祁烬抬眸看沈云初一眼,轻声问她:“一刻钟,能否撑住?”
他一手搀着孙嬷嬷,另一只手的袖子随意地一抬,数道银芒便自他腕间一闪而过。
“冥锋”的机关不动声色。
自左侧包抄而来的两名刺客身形一滞,闷哼着接连倒地。后面的人脚步一顿,眼中闪过惊骇。
刺客根本就没有机会想明白怎么死。
祁烬甚至没有看他,只将孙嬷嬷往墙边又带了带。
“继续。”
他似乎察觉到沈云初在担心,突然偏头看她一眼,恰好与她的目光对视:“别怕,她不会死。”
沈云初抿唇,他就不担心自己会死?!
她手中的短弩已经射空了,弩臂上没有补充。她将短弩往腰间一别,左手探入腰侧的暗袋,指尖捻出一把细碎的粉末。
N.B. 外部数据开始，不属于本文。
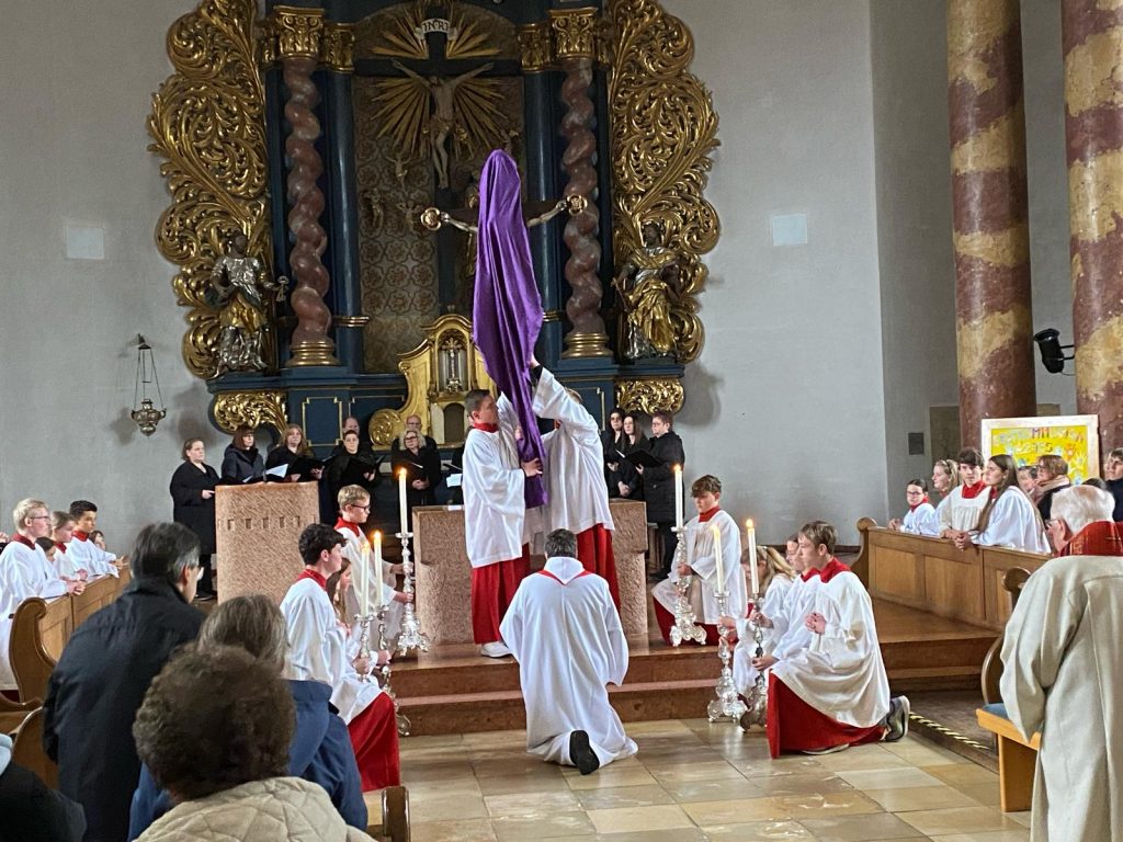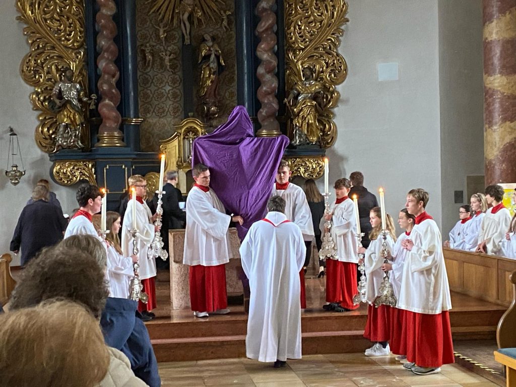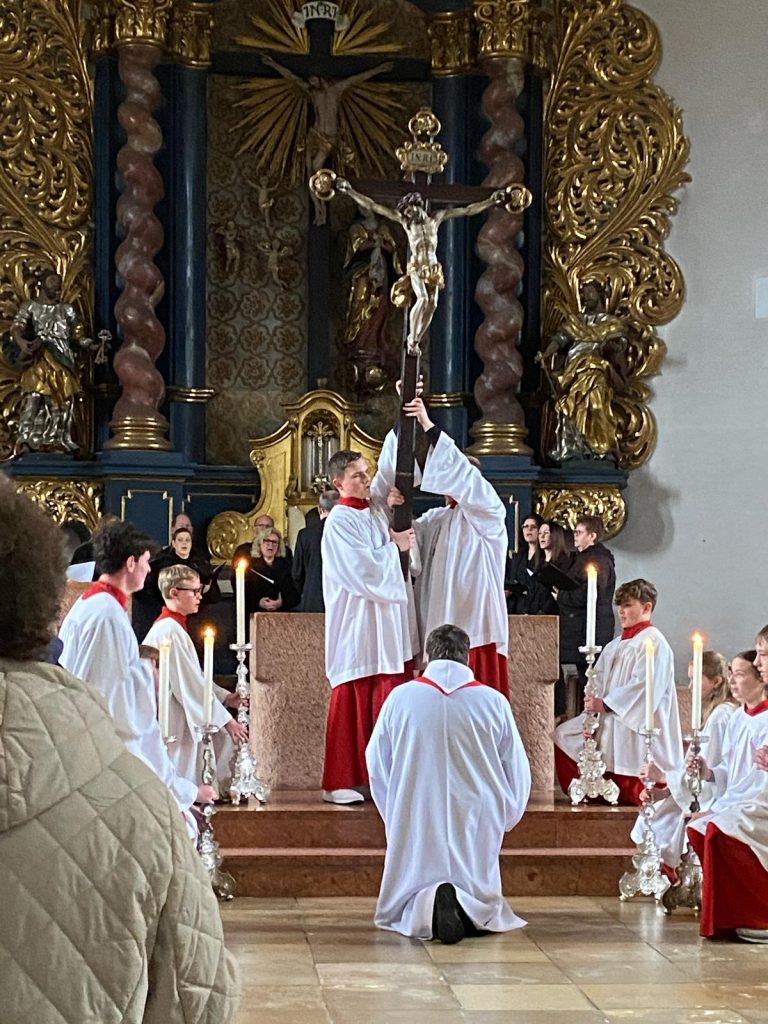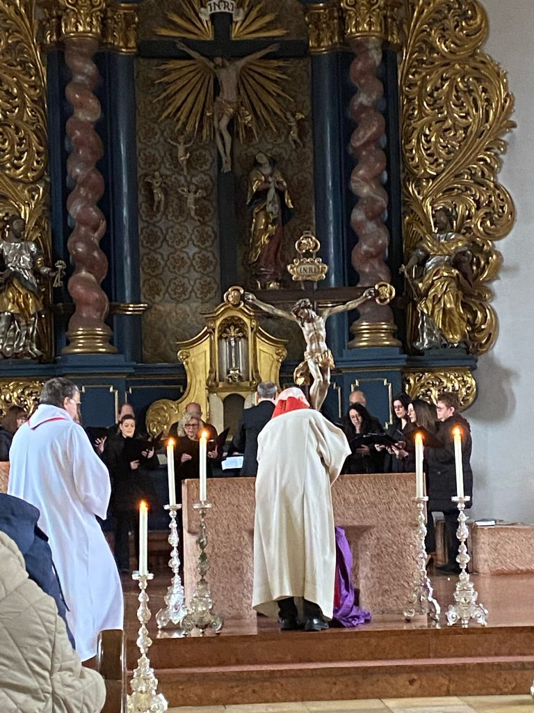 „Seht den Herr, der am Kreuz gehangen: Das Heil der Welt!“ – In seiner Schlichtheit ist die Karfreitagsliturgie ein wunderschöner Gottesdienst. Vor allem wenn diese durch das Vokalensemble der Kirchenmusik St. Vitus gestaltet und untermalt wird. Das Kreuz Jesu Christi wird vor dem Altar enthüllt. Alle Mitfeiernden kommen und beten den gekreuzigten Herrn an.
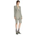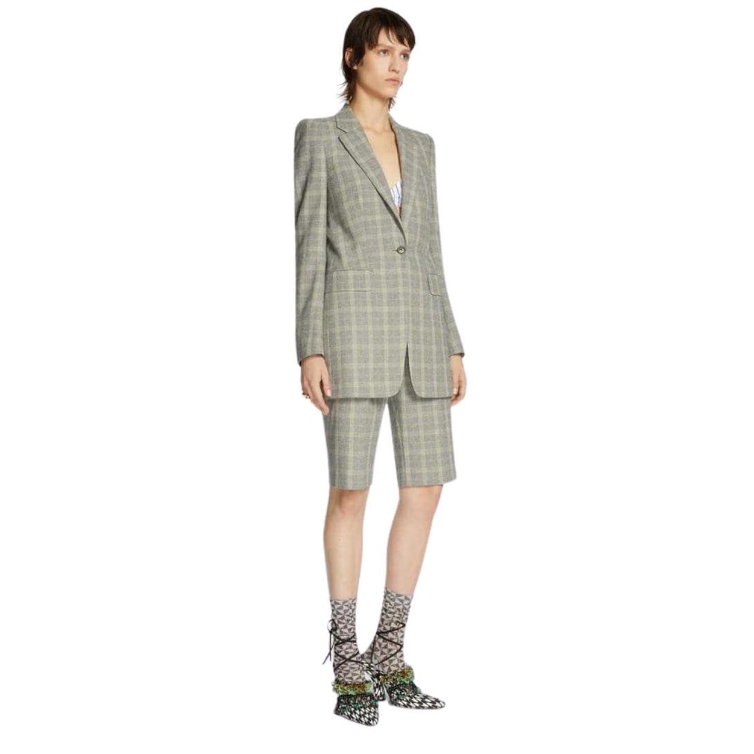 Adorned with a classic Prince of Wales check pattern, this blazer exudes sophistication and charm. Its fitted silhouette flatters the figure, while the pagoda shoulders add a touch of structure and elevate its overall aesthetic, ensuring a look that is both elegant and contemporary.
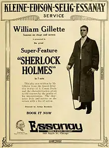 Gillette's most significant contributions to the theater were in devising realistic stage settings and special sound and lighting effects, and as an actor in putting forth what he called the "Illusion of the First Time". His portrayal of Holmes helped create the modern image of the detective. His use of the deerstalker cap (which first appeared in some Strand illustrations by Sidney Paget) and the curved pipe became enduring symbols of the character.[1] He assumed the role on stage more than 1,300 times over thirty years, starred in the silent motion picture based on his Holmes play, and voiced the character twice on radio.[2]
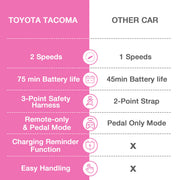 The Licensed Toyota Tacoma Ride-On Car for Kids with MP3 Player - 12V Electric Vehicle by Kimbosmart Looking for the perfect gift for your child? Look no further than the Licensed Toyota Tacoma Ride-On Car for Kids with MP3 Player. This ride-on car is designed to provide a lifelike driving experience for your little one, with working LED headlights and two operated doors. The spacious seat comes with an adjustable belt to ensure their safety while they have fun. With a top speed of 3.5 km/h, this rc ride on car offers the perfect balance of excitement and safety. The 12-volt battery provides plenty of power for hours of playtime. Plus, with the included Parent Remote Control, you can easily operate the car yourself, giving you peace of mind. But that's not all! This ride-on car also features a low battery reminder function, so you can avoid excessive battery consumption. And with its sleek design and realistic details, like the Toyota Tacoma branding, your child will feel like a real road adventurer. Key Features: Working LED headlights and two operated doors Spacious seat with adjustable belt Real foot pedal acceleration Top speed of 3.5 km/h Parent Remote Control included Low battery reminder function Specifications: Color: Black/Pink/White Recommended Ages: 37 months-72 months Weight Capacity: under 62 lbs Max Height: 48 inches Battery: 12V 7Ah Material: PP and Iron Motor: 25Wx2 Speed: 1-3.5 km/h Remote Control Range: 65ft-98ft (20M-30M) Playtime: 40-50 mins Charge Time: 8 - 12 hours Seat Size: 15x8 inches Package Dimension: 40.5x23x13 inches Product Dimension: 41.3 x 25.6 x 20.5 inches Gross Weight: 43 lbs Net Weight: 31.5 lbs Charge Input: AC110V-240V Charge Output: DC12V/0.9A Package Includes: 1 x Kids Car 1 x Charger 1 x Manual Give your child the gift of adventure with the Licensed Toyota Tacoma Ride-On Car for Kids with MP3 Player. Order yours today!
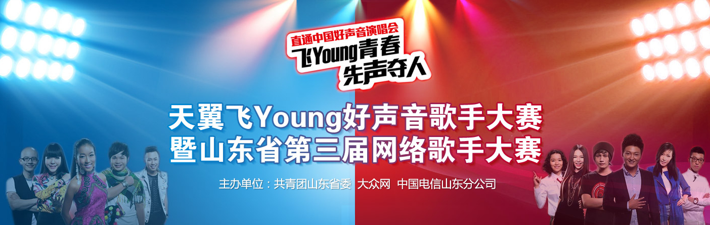 天翼飛young好聲音歌手大賽暨山東省第三屆網(wǎng)絡(luò)歌手大賽濟(jì)南站6月22日開(kāi)始,這是一場(chǎng)全體音樂(lè)愛(ài)好者的狂歡盛宴,這是一個(gè)盡情展示歌聲魅力的閃耀舞臺(tái)!飛young青春,先聲奪人,天翼飛young好聲音歌手大賽,你音樂(lè)夢(mèng)想的起點(diǎn)!

侧身避开迎面劈来的刀锋,左手一扬。粉末在火光中炸开,扑了那刺客满脸。他惨叫着捂住眼睛,刀脱手落地,整个人蜷缩在地上打滚,指缝间渗出的不知是泪还是血。
沈云初没有犹豫,抽出腰间短弩,反手一弩柄砸在他太阳穴上。
“咚咚咚”一下比一下用力。
刺客不动了。
“比刚才利落。”祁烬在她身后点评。
仔细听,他语气里带着几分漫不经心的赞许。
祁烬说话间又抬了一次袖子,数枚银针擦着沈云初的耳侧掠过,刺入从右侧扑来的刺客肩头。那人半边身子一麻,踉跄着跪倒在地。
沈云初夺过刺客手中的刀,反手扎向他的心脏!
又一名刺客从侧面扑来,她矮身一旋。手指探入暗袋,再扬……这次是灰褐色的药粉,带着一股辛辣刺鼻的气味,落在刺客持刀的手背上,皮肤瞬间泛起一片燎泡,刀柄滑脱当啷坠地。
沈云初的手腕一翻,短弩的弩臂卡住他的咽喉,借着他前冲的力道往后一送。后脑勺撞上墙壁,刺客的身体缓缓滑落,在墙上拖出一道暗红的痕迹。
第三个、第四个。
沈云初的手指在暗袋与短弩之间来回切换。
她杀人的动作越来越流畅。
刺客们惨叫着倒下,有的捂着眼睛打滚,有的掐着自己的喉咙抽搐,有的在地上爬了两步便再无声息。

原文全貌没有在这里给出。